Anderson v. Town of Clarence

—Judgment unanimously reversed on the law without costs, motion denied, petition reinstated and respondents directed to file and serve an answer within 20 days of service of a copy of the order of this Court with notice of entry. Memorandum: Petitioners commenced this CPLR article 78 proceeding alleging that respondent Town Board of Town of Clarence acted in an arbitrary and capricious manner in revoking a special exception use permit that had previously been issued to them. Supreme Court erred in granting respondents’ motion to dismiss the petition for failure to state a cause of action pursuant to CPLR 3211 (a) (7). On such a motion, the facts alleged in the petition are deemed true and petitioners are “benefitted by the rule that every favorable inference must be afforded the facts alleged” in the petition (Held v Kaufman, 91 NY2d 425, 432; see, Leon v Martinez, 84 NY2d 83, 87-88; Matter of Ostrowski v County of Erie, 245 AD2d 1091, 1092). All that a court must determine is whether those facts and inferences “fit within any cognizable legal theory” (Leon v Martinez, supra, at 87-88; see, Guggenheimer v Ginzburg, 43 NY2d 268, 275).
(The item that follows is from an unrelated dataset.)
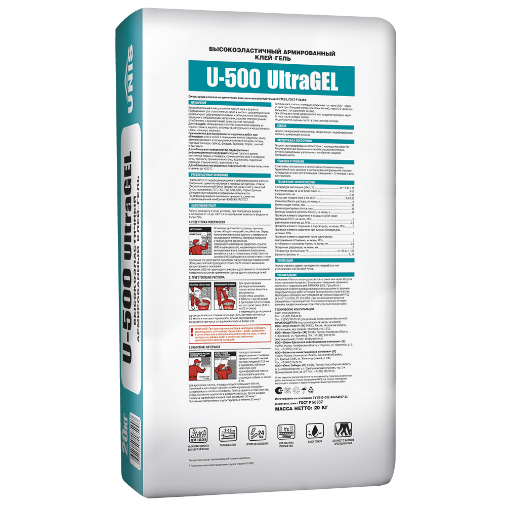 U-500 UltraGEL высокоэластичный армированный клей-гель — новая версия клея U-500 SuperFlex клей плиточный

The allegation that a Town *931Board’s decision to revoke or rescind a previously granted permit was arbitrary and capricious constitutes a cognizable legal theory (see, Town of Orangetown v Magee, 88 NY2d 41, 47-48; see also, Matter of Gardner v Town of Canandaigua Code Enforcement Officer, 261 AD2d 910, 911; Matter of Sievers v City of New York, 182 AD2d 580). (Appeal from Judgment of Supreme Court, Erie County, Mintz, J. — CPLR art 78.) Present — Pine, J. P., Wisner, Hurlbutt, Scudder and Balio, JJ.